I propose a visualization tool designed specifically for two immutable data structures: an immutable stack using a singly-linked list and an immutable list using a binary tree. The visualization tool produces a rendering of nodes used by the data structures, along with color-coding to show memory reuse in the form of reference counts. After creating several stacks or lists from the same original source, many nodes have multiple references from different data structures. Higher reference counts are colored differently than lower reference counts, providing a quick visual illustration of the memory efficiency of the immutable data structures.
Type JavaScript code in the code box at the top of the page. Construct one or more instances of ETO_ImmStack or ETO_ImmList. Ex:
let list1 = new ETO_ImmList(); list1 = list1.add(10); list1 = list1.add(20); let list2 = list1.add(30);
Construct only one of the two types, but as many of that type as you'd like. Hit the "Refresh" button to render the result.

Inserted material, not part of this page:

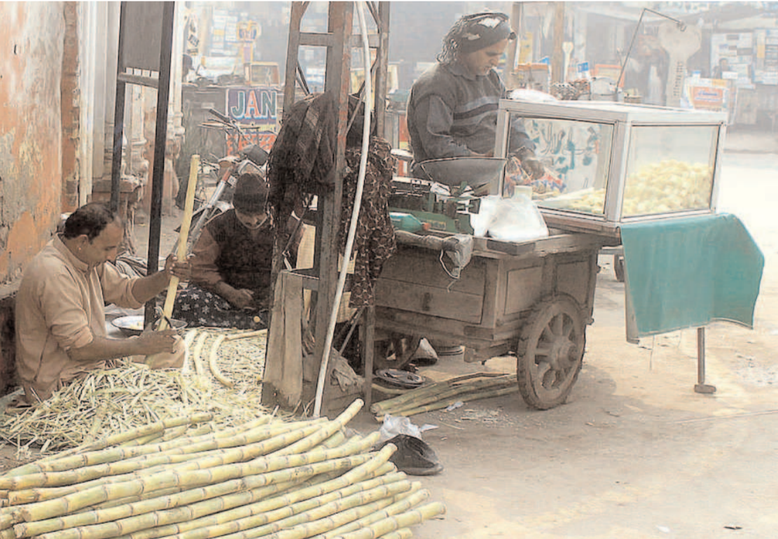
MULTAN: A vendor is cleaning sugar cane before making pieces at his roadside setup.

MUMBAI (AFP/APP): Beleaguered Indian tycoon Gautam Adani denied Friday that his rise to become Asia's richest man -- a title he has lost in a phenomenal stock rout -- was due to Prime Minister Narendra Modi, as shares in his conglomerate slumped again. His listed units' combined market capitalisation has collapsed by more than $100 billion since US short-seller Hindenburg Research -- which makes money by betting on shares falling -- released an explosive report last week. It accused Adani of accounting fraud and artificially boosted its share prices, calling it a "brazen stock manipulation and accounting fraud scheme" and "the largest con in corporate history". Critics say Adani's close relationship with Modi, who is also from Gujarat state, has helped him win business and avoid proper oversight. "These allegations are baseless," Adani told India Today television on Friday, adding that their shared origins made him an "easy target" for such claims. "The fact of the matter is that my professional success is not because of any individual leader," he insisted. His comments came as shares in his flagship firm Adani Enterprises were repeatedly suspended on the Bombay Stock Exchange, hitting multiple trading stops on the way to falling by 25 percent. Adani Power, Adani Green Energy, Adani Total Gas -- in which French giant TotalEnergies has a 37.4 percent stake -- and Adani Transmission were also suspended when they hit their limits.

A pulldown above the code lets you choose existing examples, which may help you to get a better idea.
A table summarizing ETO_ImmStack and ETO_ImmList class members, along with associated time complexities, is below.

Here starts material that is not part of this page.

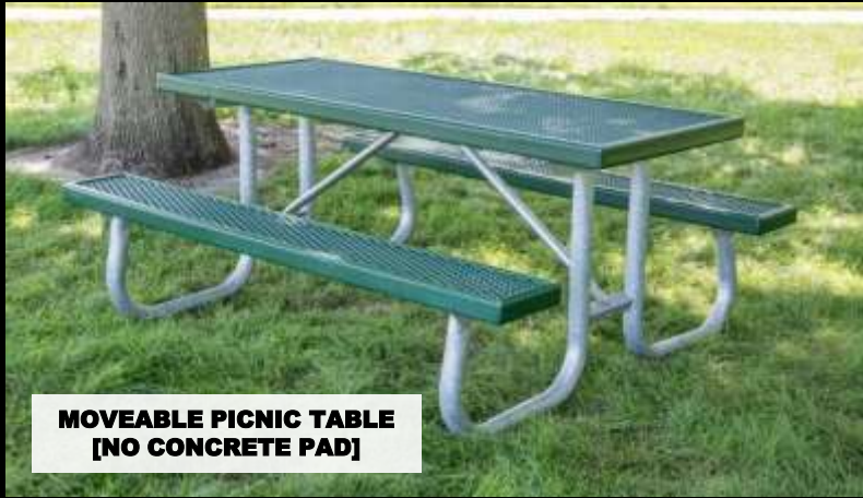
MOVEABLE PICNIC TABLE [NO CONCRETE PAD]

Class | Member | Description | Worst case time |
---|---|---|---|
ETO_ImmStack | length | Gets the number of items in the stack. | O(1) |
ETO_ImmStack | pop() | Creates and returns new stack with the item popped off the top. | O(1) |
ETO_ImmStack | push(item) | Creates and returns new stack with the item pushed to the top. | O(1) |
ETO_ImmList | add(item) | Creates and returns new list with the item added. | O(log n) |
ETO_ImmList | length | Gets the number of items in the list. | O(1) |
ETO_ImmList | removeLast() | Creates and returns new list with the last item removed. | O(log n) |
ETO_ImmList | replaceAt(index, newItem) | Creates and returns new list with the item at the specified index replaced by the new item. | O(log n) |